First up is copper. Copper is our proxy for the global economy, and I have been showing this same monthly chart for over 6 months now. I am not ready to call a bear market for copper as prices are only at support, but a monthly close below 3.55 would be very bearish as it would be a close below prior support, below a negative divergence bar, below the 10 month moving average, and below a rising trendline. The global growth story is likely to end with a big thud. Enough said.

End result: copper is hanging in there, but just barely.

Figure 1. Copper/ monthly

On the other hand, the world's largest copper producer has just entered bear territory. Figure 2 is a monthly chart of Freeport McMoran (NYSE: FCX). Last month's close was below a rising trend line and 10 month moving average, and this confirms the double top. I believe it is only a matter of time before FCX closes below the prior pivot low point (oval on chart) and starts a down trend.

Figure 2. FCX/ monthly

METALS

Moving from copper to other metals, figure 3 is a monthly chart of the Dow Jones US Basic Metals (NYSE: IYM). This is also bearish as last month's close was below both the rising yellow trend line and the 10 month moving average. The upside for this ETF has been capped at $84, which is the high of the negative divergence, but the real risk is a potential sell off to prior breakout levels around $60. Metals were one of the few things working in this market, but I would be very cautious on this sector (not withstanding the occasional 10% bounce). Remember, nothing is safe in a bear market.

Figure 3. IYM/ monthly

CRUDE OIL
Crude oil's 15% fall from its highs is as much about "nothing ever grows to sky" as it is about slackening global demand. See figure 4, a monthly chart of crude oil. From a technical perspective, crude oil's extreme expansion in price range and negative divergence bar suggested that prices would move in a range for at least the next four months and likely longer. Upside momentum has slowed. While that is the technical side of the story, I believe the fundamentals will eventually reveal decreasing demand for crude oil as there is greater acceptance that the global growth story is now defunct.

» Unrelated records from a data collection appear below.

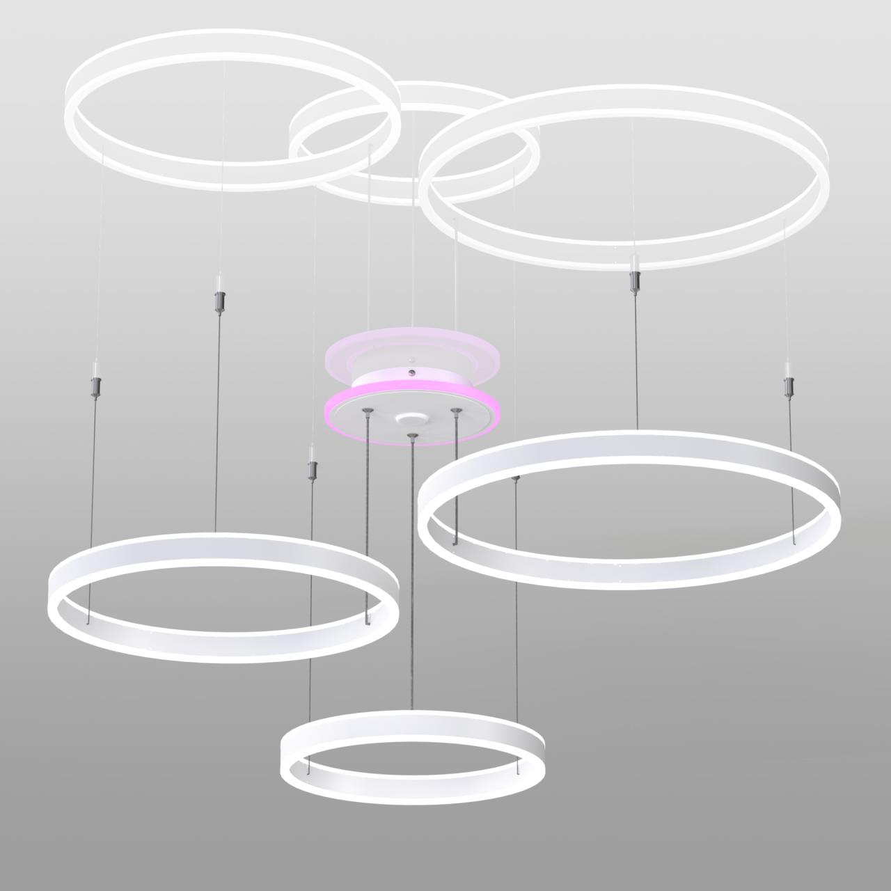 Подвесная светодиодная люстра кольца CL719A700 от производителя Citilux относится к коллекции Дуэт Смарт с голосовым управлением является ярким представителем современных УМНЫХ осветительных устройств экосистемы Citilux SMART. Моделью можно управлять: из приложения на смартфоне по Wi-Fi при наличии интернета, с помощью голосовых помощников Алиса и Маруся, а также пультом дистанционного управления и настенным выключателем. Люстра на тросах, с тремя светодиодными модулями в форме колец. Конструкция изделия позволяет при монтаже установить кольца на разной высоте и на разном удалении от базы, сформировав свой индивидуальный, неповторимый внешний вид светильника. Корпус металлический из алюминиевого сплава цвет белый матовый, рассеиватель из оптического полимера. Крепление люстры подходит для всех типов потолков, в том числе натяжных , страна бренда Дания.Купить модель CL719A700 спешите в интернет-магазине 220svet.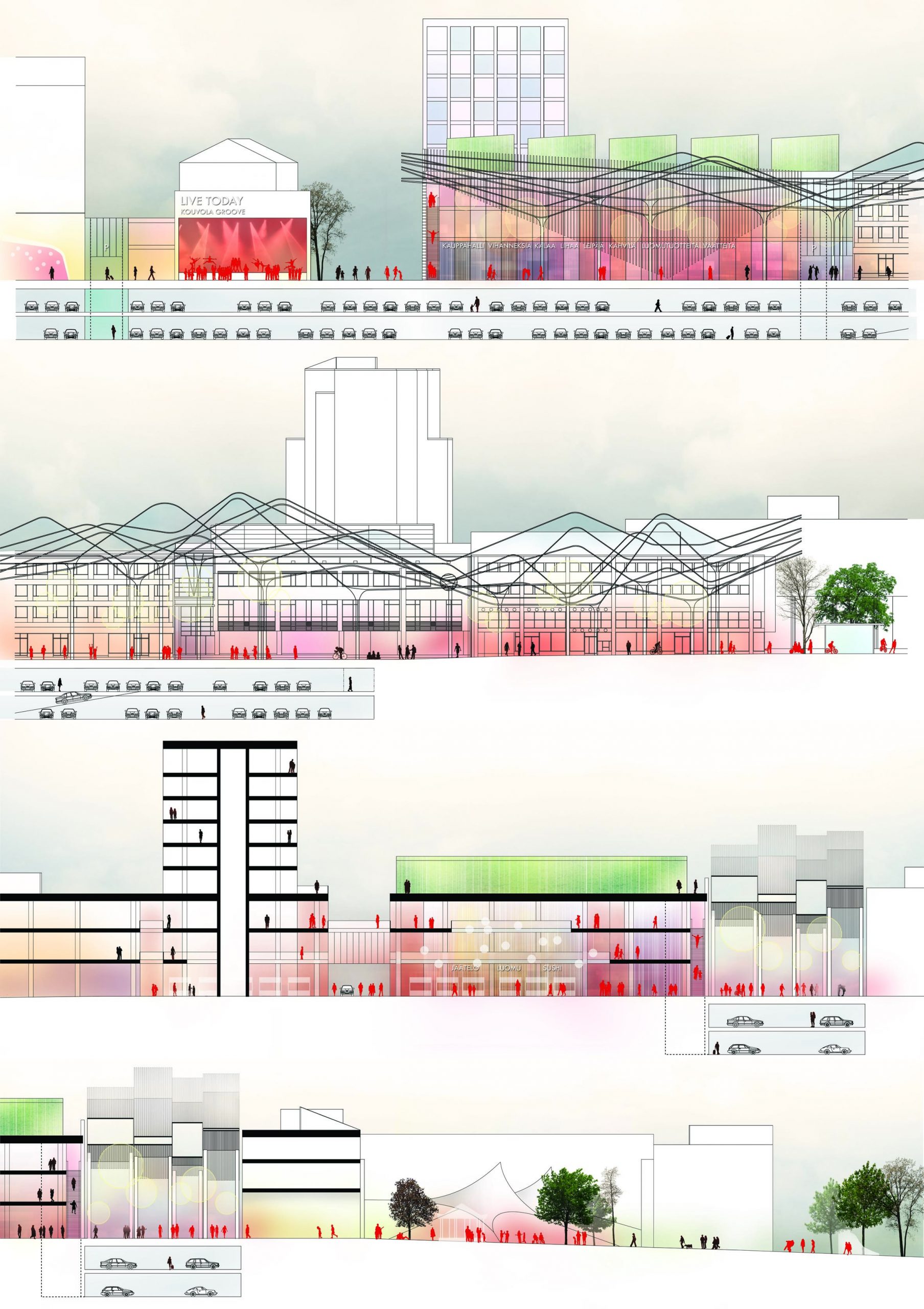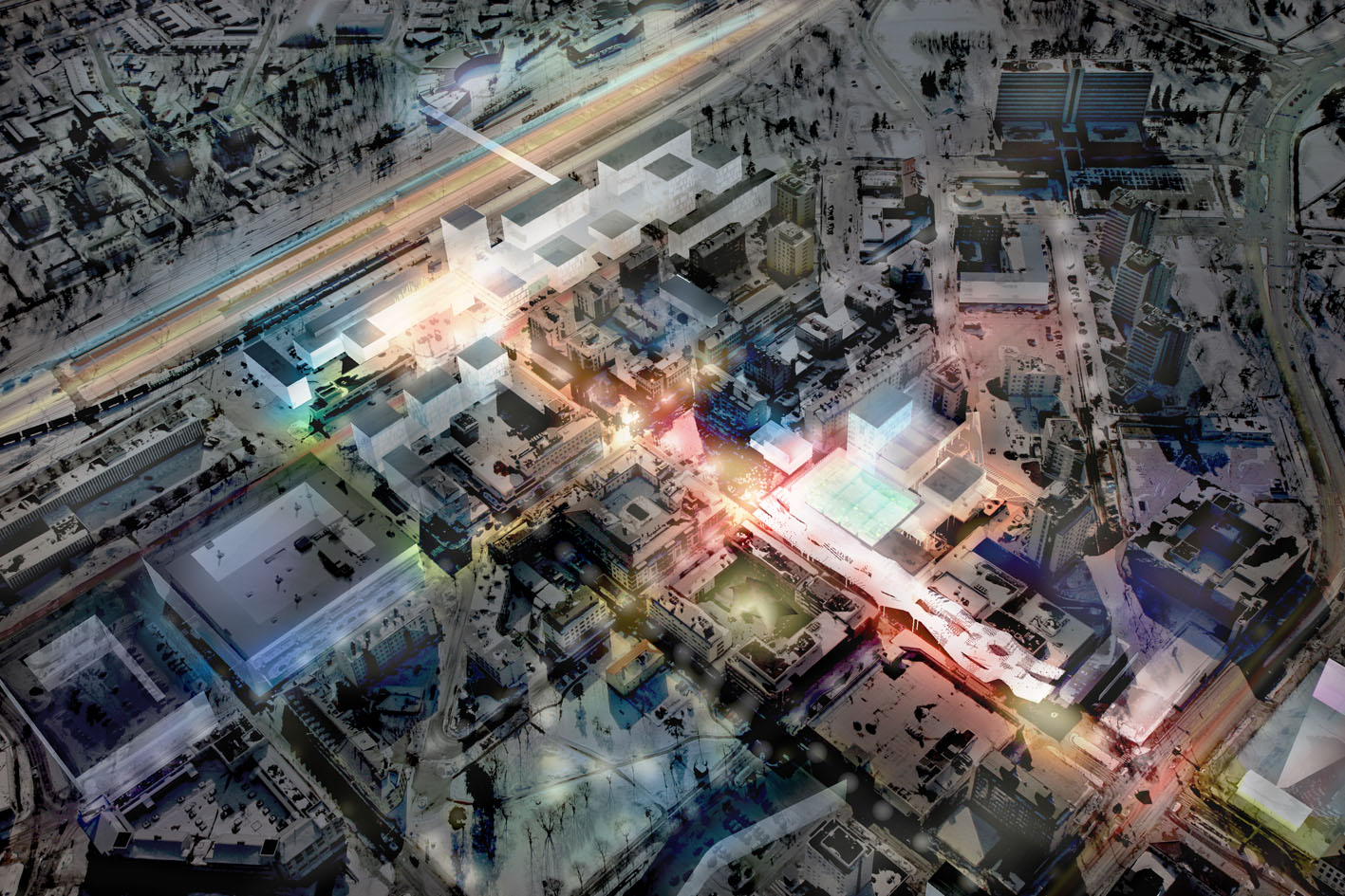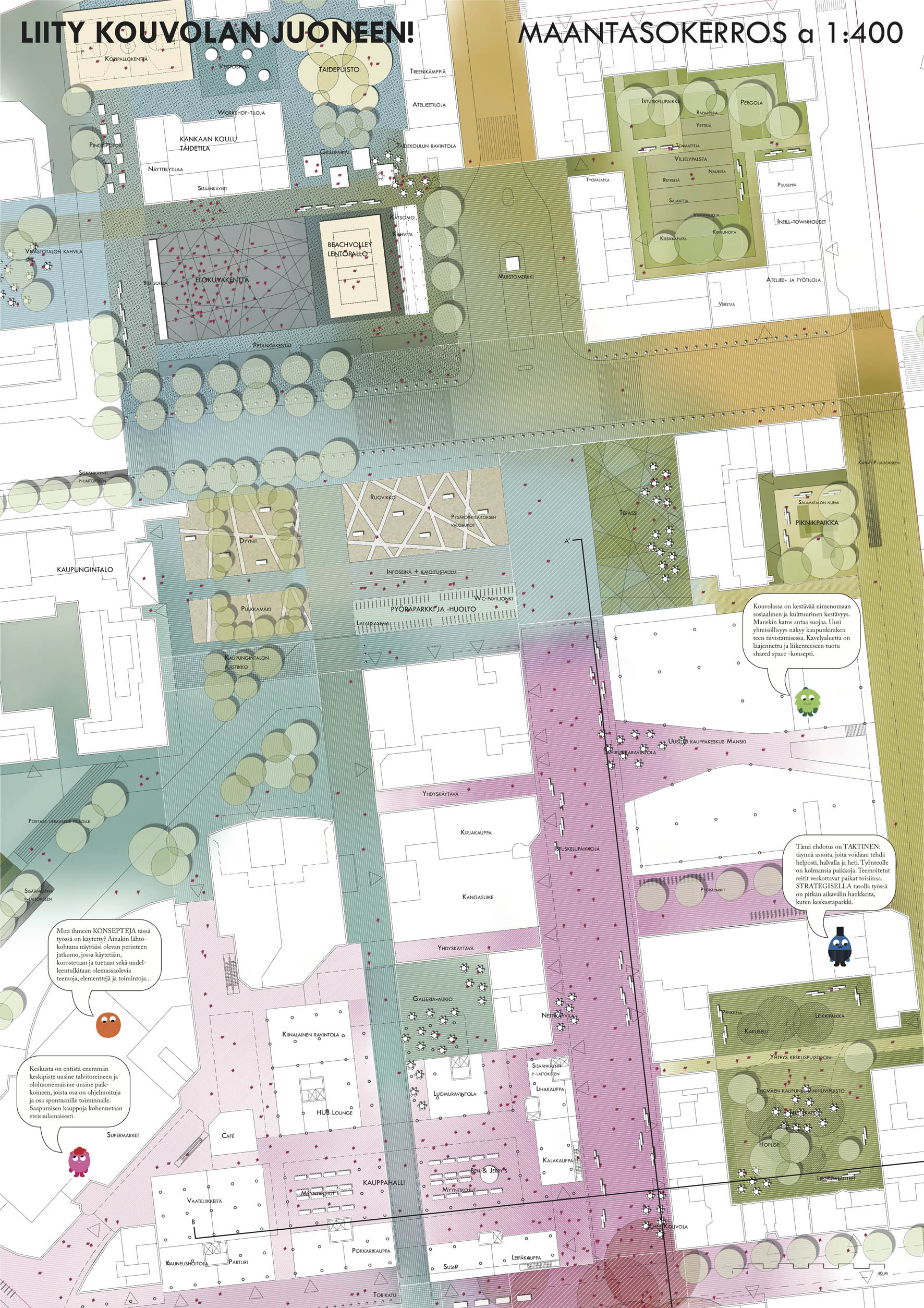 Kouvola ist eine Stadt mit ca. 80.000 Einwohnern im Südosten Finnlands. Kouvola ist ein wichtiger Eisenbahnknotenpunkt und liegt an der Bahnlinie von Helsinki nach St. Petersburg. Wettbewerbsaufgabe war es, Strategien zu entwickeln, die das Zentrum beleben. Die wichtigsten Merkmale des Projekts sind drei neue urbane Knoten entlang der Hauptachse der Stadt: ein aufgewerteter Bahnhofsbereich mit einem neuen Reise-Center im Süden, einem umgestalteten zentralen Platz, einer Überdachung und einer Markthalle in der Mitte der Hauptachse sowie ein kultureller Knotenpunkt rund um das Rathaus und das alte Schulgebäude im Norden. Der Plan baut auf den bestehenden Qualitäten auf und schlägt eine Kombination von Interventionen und Neubauten vor.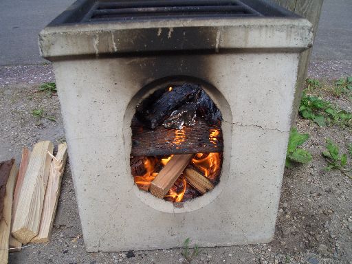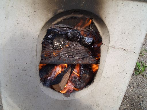 なかなか木炭に火が付かずにかなり、薪を燃やしましたw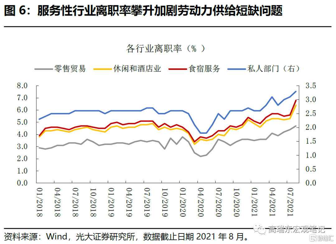 9月非家用食品(外出餐飲)價格環比上漲0.5%,連續第5個月上行,預計勞動力短缺將持續帶動服務性行業消費價格上漲。從非農時薪增速的角度可以看到,美國勞動力市場供不應求。一方面,美國勞工部10月12日發佈的一組數據顯示,截至8月底,有1040萬個職位空缺,遠超8月總體失業的770萬人,顯示勞動力市場供需嚴重不平衡。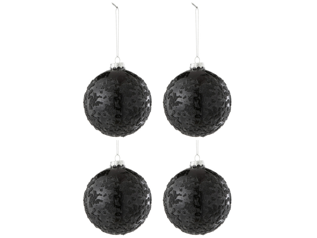 Podívám seSet čtyř černých skleněných vánočních ozdob J-line Velvet 10 cm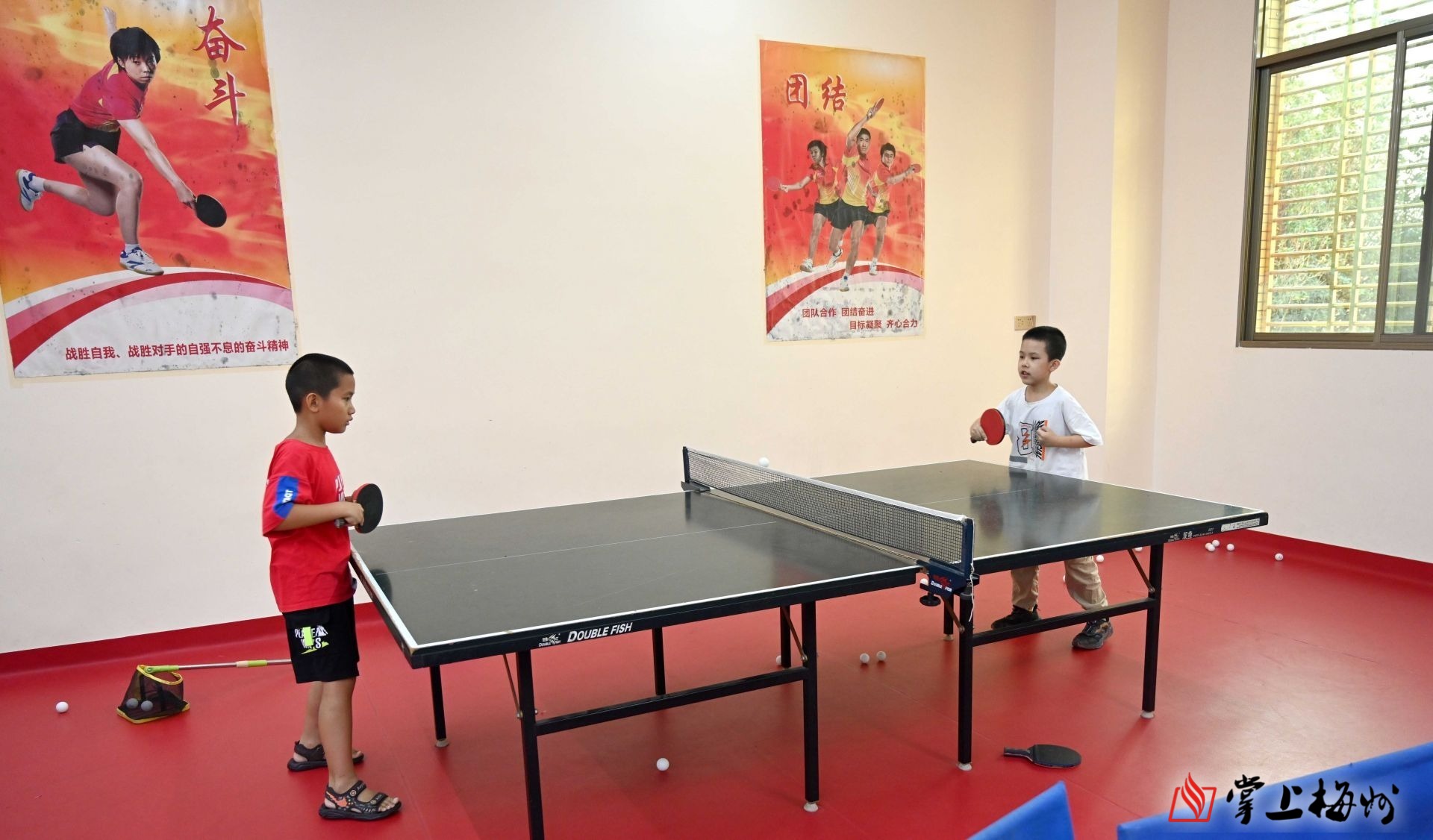 小朋友在练习乒乓球。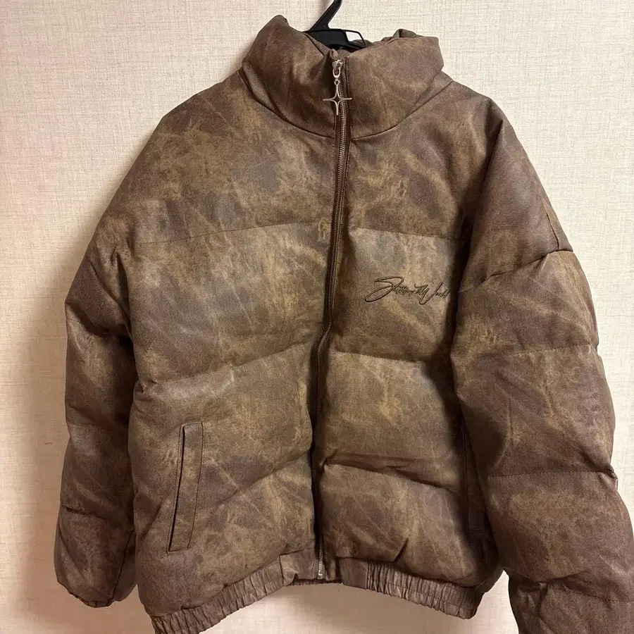 GEEK CAMOUFLAGE PU LEATHER PUFFER JACKET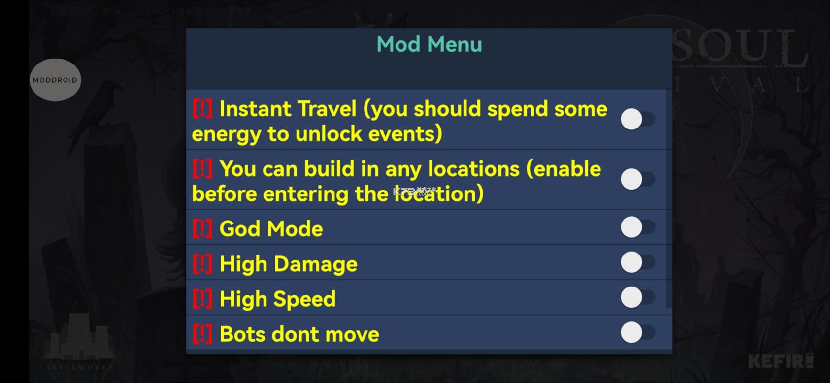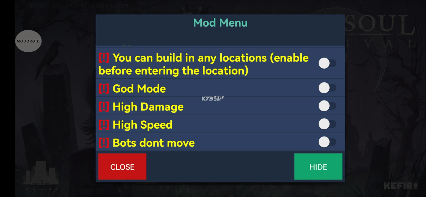 MOD菜单破解版,使用前请开启游戏的悬浮权限并在进入游戏后点击左上角图标开启对应的修改选项,功能如下:

Figure 4. Crude Oil/ monthly

It should be noted that ExxonMobil (NYSE: XOM) reported record profits this past week, yet the stock fell 3% after the announcement. I had warned about XOM several weeks ago, and last month's close below a prior pivot low is bearish. Period. See figure 5, a monthly chart of XOM.

Figure 5. XOM/ monthly

EMERGING MARKETS

Another bearish chart, which is also representative of the global growth story, is seen in figure 6, a monthly chart of the i-Shares MSCI Brazil Index Fund (NYSE: EWZ). The break below the support zone and below the rising trend line and the 10 month moving average are all bearish signs. The prior support zone now becomes resistance. High flying Brazil is having its wings clipped.

Figure 6. EWZ/ monthly

I had mentioned the i-Shares MSCI Emerging Market Index Fund (NYSE: EEM) in a July 14 commentary. See figure 7 a monthly chart. Several weeks ago I stated: There are "a lot of bearish elements to this chart including: 1) a close below a prior divergence bar (pink marker); and 2) a close below an upsloping trend line. A close below the most pivot low would seal the deal, and EEM would be in a bear market." Well that has happened and by my analysis, EEM is in a bear market.